Same. I try not to feel sad or resentful at how effective the treatment is for me to live. I hate to "have to be medicated" but it's the difference between calmly getting things done and having my life in order vs existing in chaos and internalized hate and stress. Life is exhausting without it unfortunately. I was diagnosed at age 5 and age 12 but never medicated. Finally as a professional adult I was sick of gaslighting myself saying "you just aren't trying hard enough". I got my adult diagnosis and "surprise" , I definitely got it. I was done killing myself to be "normal" and barely making it. On the outside I look "successful" and on the inside it's all duct tape and super glue without it. Benn saying he feels cracked out without it is spot on.

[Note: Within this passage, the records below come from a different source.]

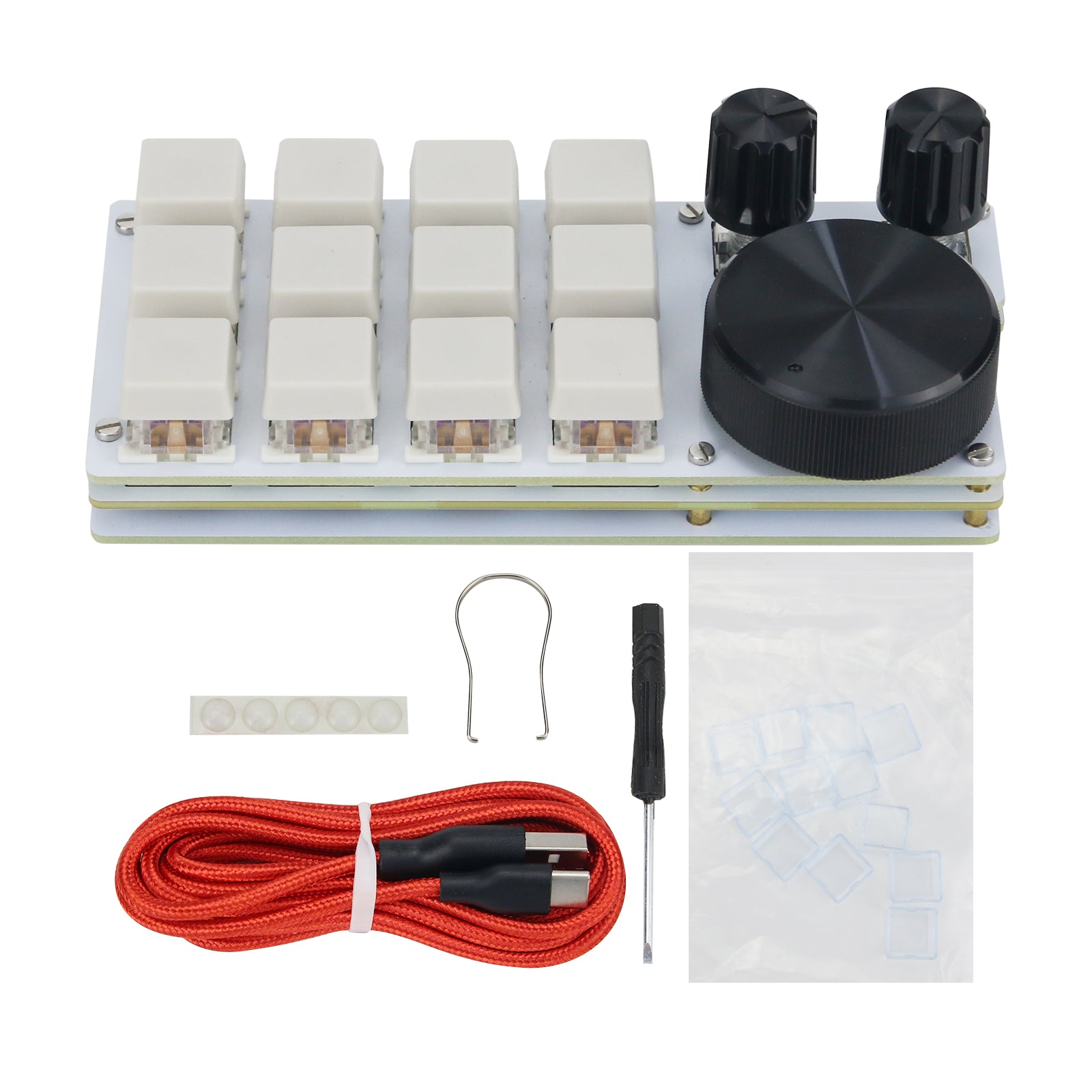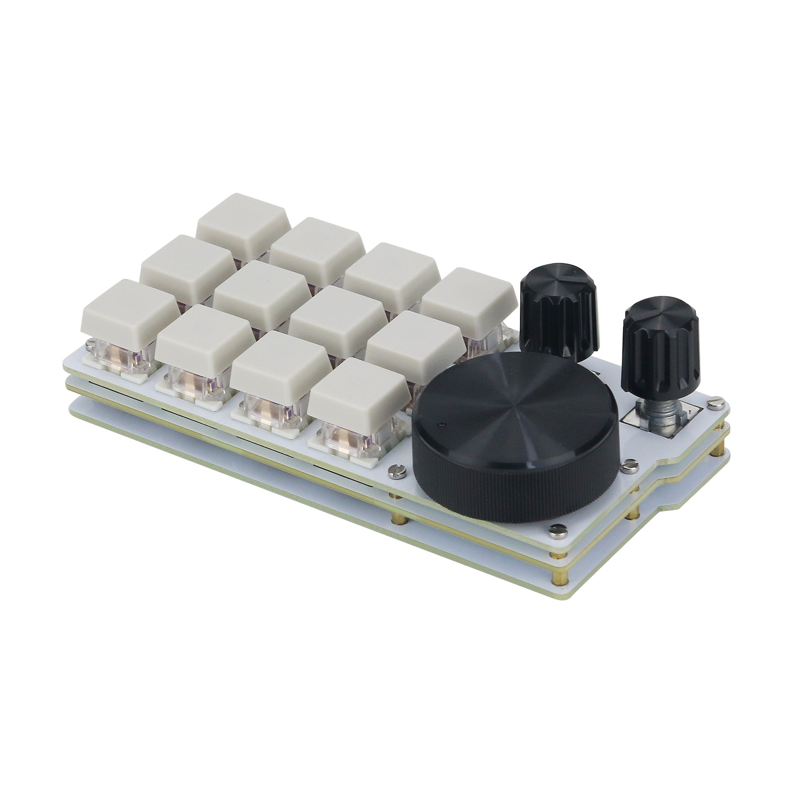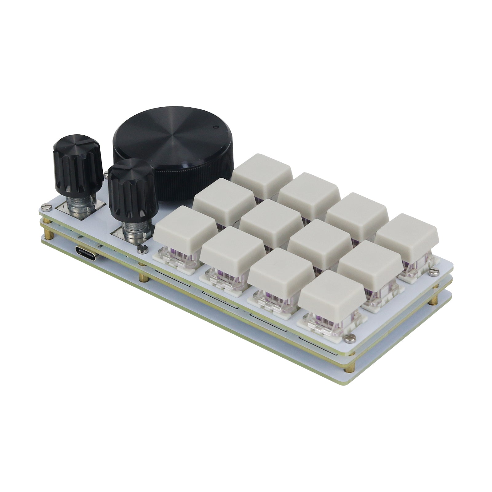 - Type-C interface, 12 hot-swappable shaft bases, 12 RGB switch lights and 3 knobs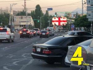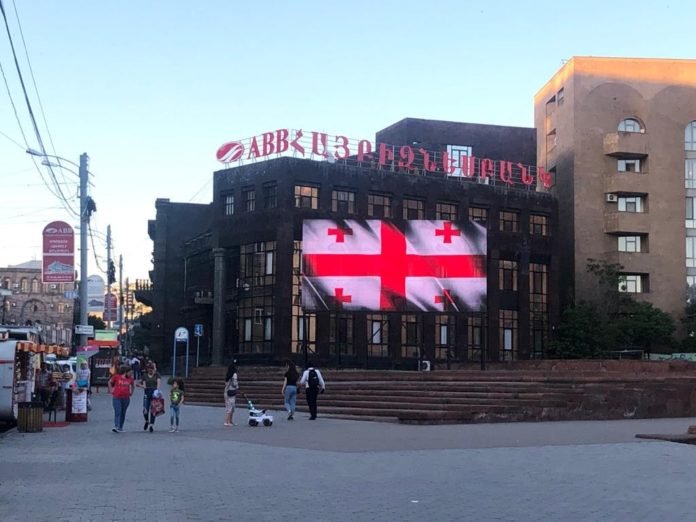 ერევნის ქუჩებში ბანერები საქართველოს დროშის ფერებში განათდა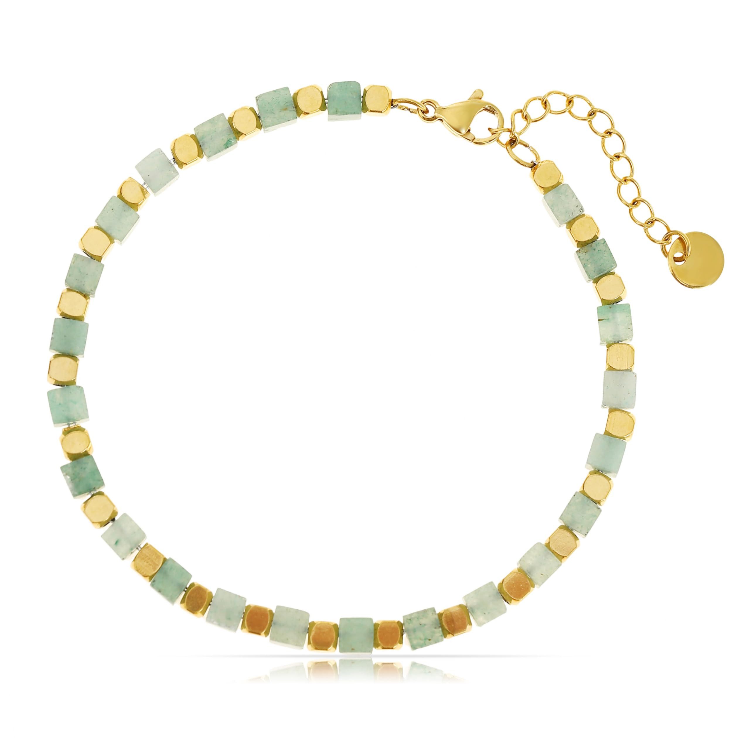 » Entdecke unser exklusives Herren Armband mit schwarzen/grauen/grünen und bunten Perlen. Zwischen den bunten Perlen befinden sich goldene Plättchen, die diesem Schmuckstück eine besondere Eleganz verleihen. Das Perlenarmband ist aus hochwertigem Edelstahl gefertigt. Das Männer Armband ist 17 cm lang und besitzt eine 5 cm verstellbare Kette, um perfekt an Dein Handgelenk angepasst zu werden.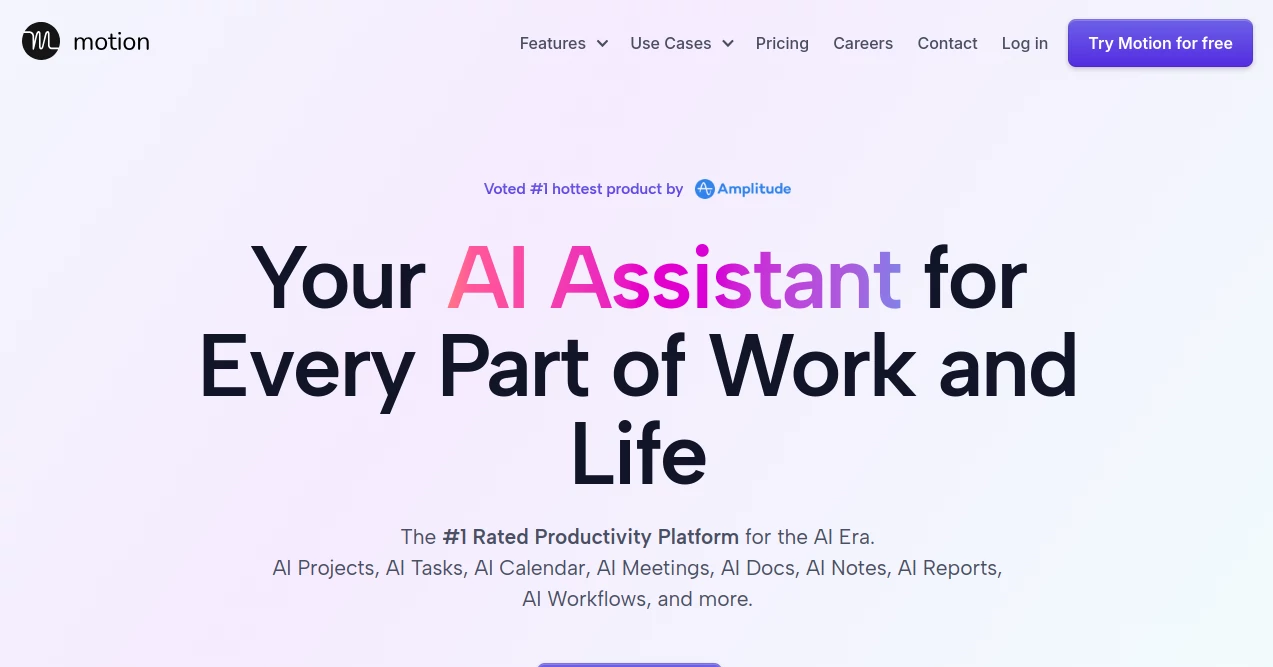 Motion is a productivity and task management platform that uses artificial intelligence to help users plan, schedule, and complete work more efficiently.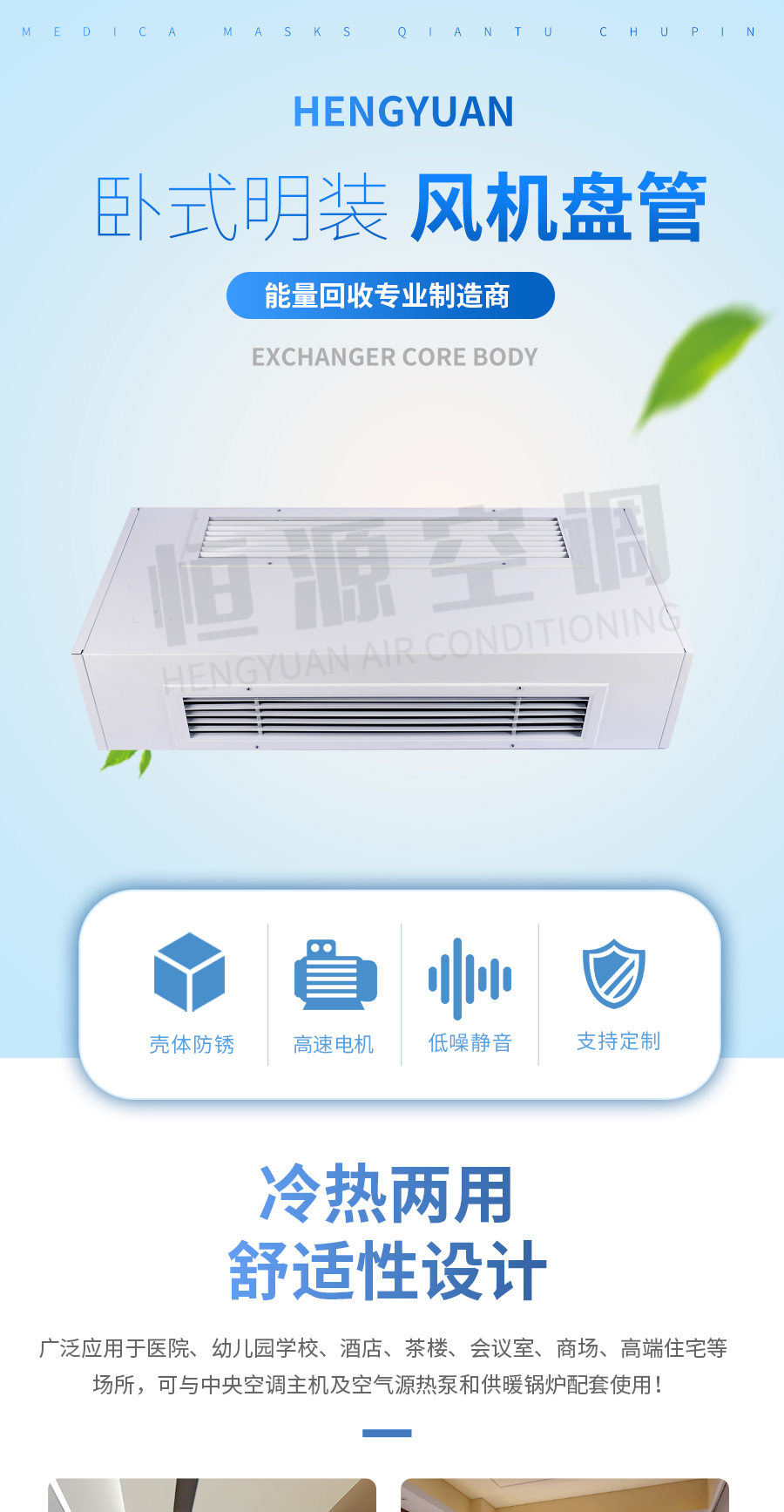 風機盤管機組簡稱風機盤管。它是由小型風機、電動機和盤管(空氣換熱器)等組成的空調系統末端裝置之一。盤管管內流過冷凍水或熱水時與管外空氣換熱,使空氣被冷卻,除濕或加熱來調節室內的空氣參數。它是常用的供冷、供熱末端裝置。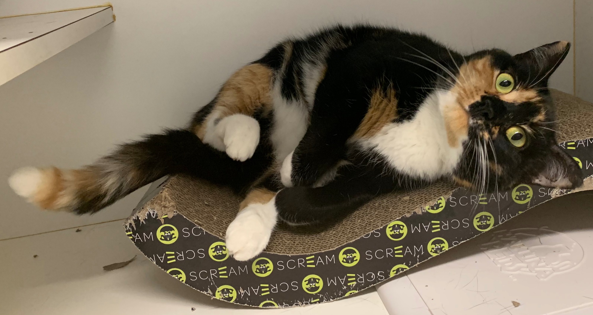 As you can see she likes to lounge on her cardboard scratcher which she uses like a bed!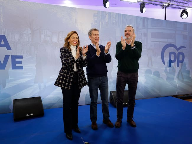 ZARAGOZA, 09/02/2025.- El presidente del PP, Alberto Núñez Feijóo (c), junto al presidente de Aragón, Jorge Azcón, y la alcaldesa de Zaragoza, durante la reunión que celebró este domingo en Zaragoza con 35 alcaldes populares de urbes de más de 100.000 habitantes, en el I Foro de grandes ciudades de España, que se centrará en la vivienda y servirá para reclamar también al Gobierno que aborde con los ayuntamientos la financiación local. EFE/ Javier Cebollada / Javier Cebollada (EFE)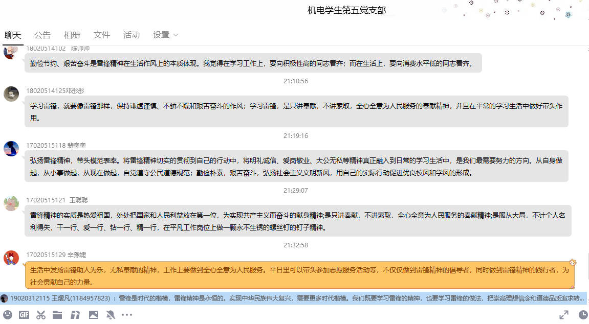 随后,同志们积极学习了雷锋同志的先进事迹。从雷锋同志的人生经历中,我们认识到传承雷锋精神是我们每个党员的义务,更是我们必须肩负起的历史责任。党员们在党支部群内各抒己见,发表了自己对雷锋精神的感想和心得,党员们都表示收获很大。雷锋精神,是中共党员面貌的集中体现,员工党员学习雷锋精神特别要学习他为人民服务,不计较个人得失的精神,学习他在任何岗位上都爱岗敬业,甘心做一颗螺丝钉。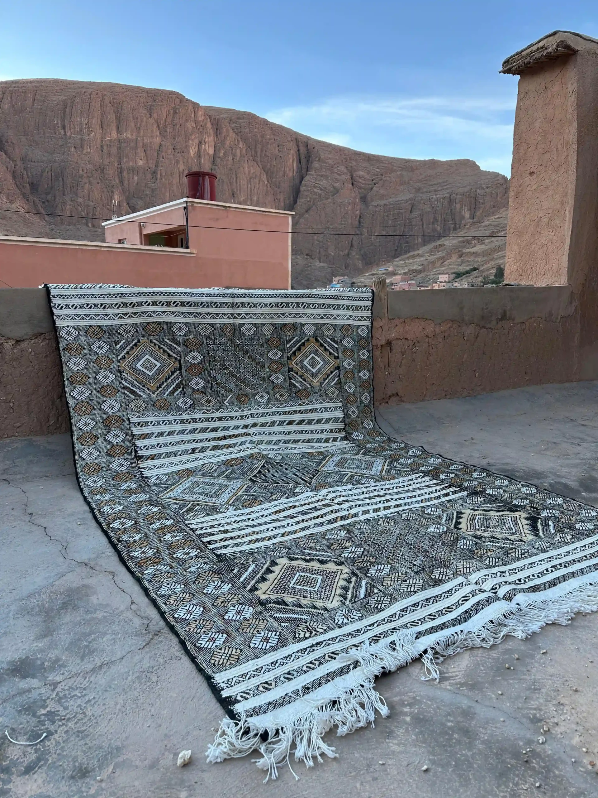 Authentic Berber Kilim rug, handcrafted by a Berber family using traditional Moroccan craftsmanship. Made from 100% natural wool and cactus silk, this rug is featherweight and easy to move, making it ideal for large living spaces and flexible interior arrangements.
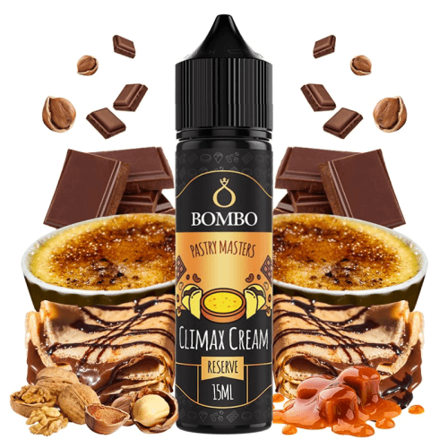 El aroma Climax Cream de Pastry Masters by Bombo en formato Longfill, sabe a crepe de crema catalana con pepitas de chocolate, frutos secos y notas acarameladas. Una receta con doble proceso de maceración, que está destinada a ser el “buque insignia” de los postres.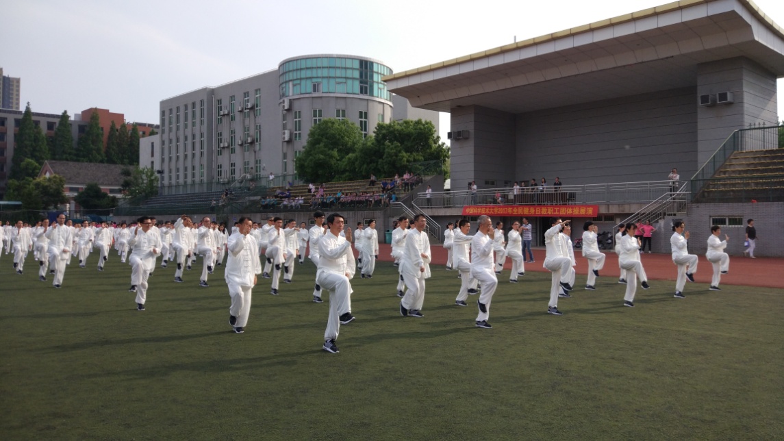 展演中,各参演队伍着装整齐,精神饱满,热情洋溢。和着音乐节拍,大家认真做好每个动作,一招一式尽显风采,赢得了现场观众的热烈掌声。最终经评委评比,6支代表队获得“优秀展演奖”,分别是附属中学分工会代表队,图书馆、档案馆、网络中心分工会代表队,机关分工会、少年班学院分工会联队,医院分工会、管理学院分工会联队,化学与材料科学学院分工会代表队,工程科学学院分工会、火灾科学国家重点实验室分工会联队;6支代表队获得“优秀组织奖”,分别是生命科学学院分工会代表队,后勤系统分工会代表队,国家同步辐射实验室分工会、核科学技术学院分工会联队,物理学院分工会、合肥微尺度物质科学国家实验室分工会联队,信息科学技术学院分工会、软件学院分工会、计算机科学与技术学院分工会联队,地球和空间科学学院分工会代表队。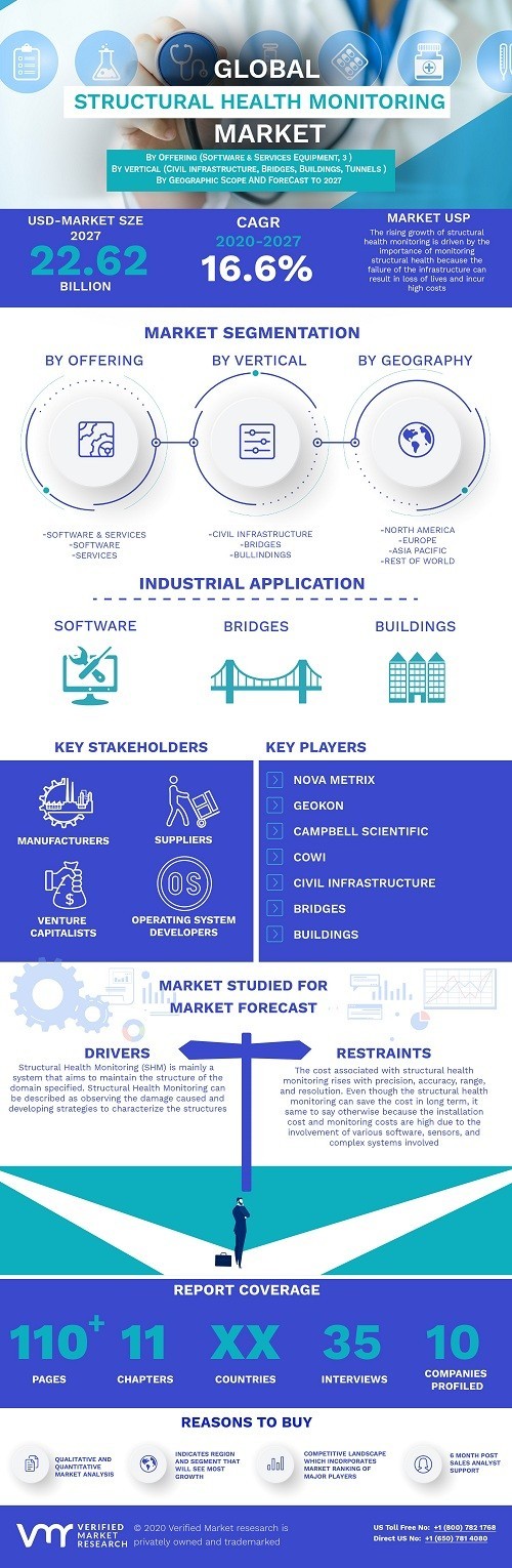 Structural Health Monitoring Market was valued at USD 7.94 billion by 2019 and is projected to reach USD 22.62 billion in 2027, growing at a CAGR of 16.6% from 2020 to 2027.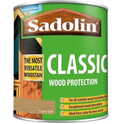 General description Sadolin Classic Wood Protection in Light Oak is designed to deeply absorb into timber, providing exceptional weather protection. It is effective for large timber areas such as cladding, fascias, decking, and rough sawn timber. This product is also suitable as a base stain for new joinery that will be treated with Sadolin Extra. Technical specifications Colour: Light Oak Size: 1 litre Type: Woodstain Coverage: Planed Softwood/Hardwood up to 15m²/litre; Rough Sawn Timber up to 8m²/litre Drying Time: Touch Dry 4-6 hours; Recoat 16-24 hours Usage Apply by brush Recommended for use on exterior and interior wood surfaces Ideal for decking, fencing, cladding, and garden furniture Can be used as a basecoat for new doors and windows, followed by overcoating with Sadolin Extra or other Sadolin products Other information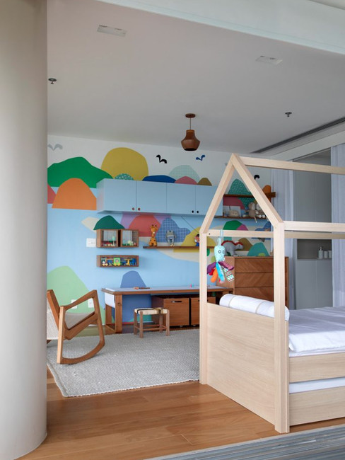 O quarto do filho deveria ser um local amplo, seguro, confortável e estimulante. A arquiteta trouxe o Rio de Janeiro em cores no papel de parede para o menino que mora em Portugal aprender, aos poucos, sobre suas conexões brasileiras. O espaço dispõe de área livre para brincadeira, brinquedos ao alcance das mãos com fácil visualização e organização, além de uma mesa interativa onde o papel corre e forma uma grande tela para desenho e pintura. Muitos livros estão à disposição, com direito a uma poltrona para a leitura antes do soninho.

It sounds like I'll never know
The same for me. The quiet I experienced in my head for the first time in over 50 + years almost made me cry. At first, it was scary as hell because I couldn't remember a time when I didn't have the cacophony of ideas, thoughts, rabbit trails, distraction, and sleepless nights from it was exhausting. I found out quickly that there was such a thing as adha. I ignored the dx I was given of adhd for 40 yrs. My first dose of ritalin made me tired, but the side effects for me were not ideal. Constant gritted teeth, dry mouth so bad I could spit cotton. My fist dose of Adderall knocked me out. I slept like I could never do in the past. I feel calm, can focus as long as I remember to take it. The problem was that I'll forget or get distracted and lose track of time with the distractions. My brain would wake up full throttle as if there were dozens of meetings that took place in my brain while I was sleeping that the anxiety to catch up with these meetings was a daily experience every morning. I now set alarms to remind me to take the medication. This mostly works, but, it is easy for me to get distracted within minutes of the alarm, and I still forget from time to time. I still have a house full of unfinished projects and regular tasks left half done, but I'm working on it. I was diagnosed with Aspergers in my 40s, over 20 yrs after the ADHD dx. I had takenmy youngestin for evaluationand the psychiatrist asked if he could interview me, then asked me to take a few tests. We both walked out of there with the same diagnosis. I didn't tell anyone until 3 yrs ago. So this could have some to do with me not being able to get through things my mind finds mundane or of little interest. I have a hyper focus that will set me into patterns that though seem harmless, can freeze me in my tracks from doing anything else...
I know what you mean about the quiet feeling in your head. My head feels like there's a crowd of people perpetually trying to get my attention at once, all wanting different things. I've cried of relief before when I took Adderall and it finally quelled the chaos that runs rampant in my brain at all other times.
I resonate with being frozen, I'm like that when I research some topic. I call in "juicing". I have to tell myself out loud to stop, go play with your kids😅
OK, I missed the boat when one of my favorite electronic musicians started a popular RUclips channel! I was like "is this...THE Benn Jordan of Flashbulb fame" and it totally is. How cool is this. I love your music and saw you live in Detroit in the early 00s when a friend, Mikey Woo, got you to come out and play for us. So cool to see you here making really informative and interesting videos.
Glad I found this channel. Your style of videos and personality are a great medium to examine these topics through
I hate this.
I love the immense effort and sheer heart and soul put into this video, as always. Thanks again, Benn.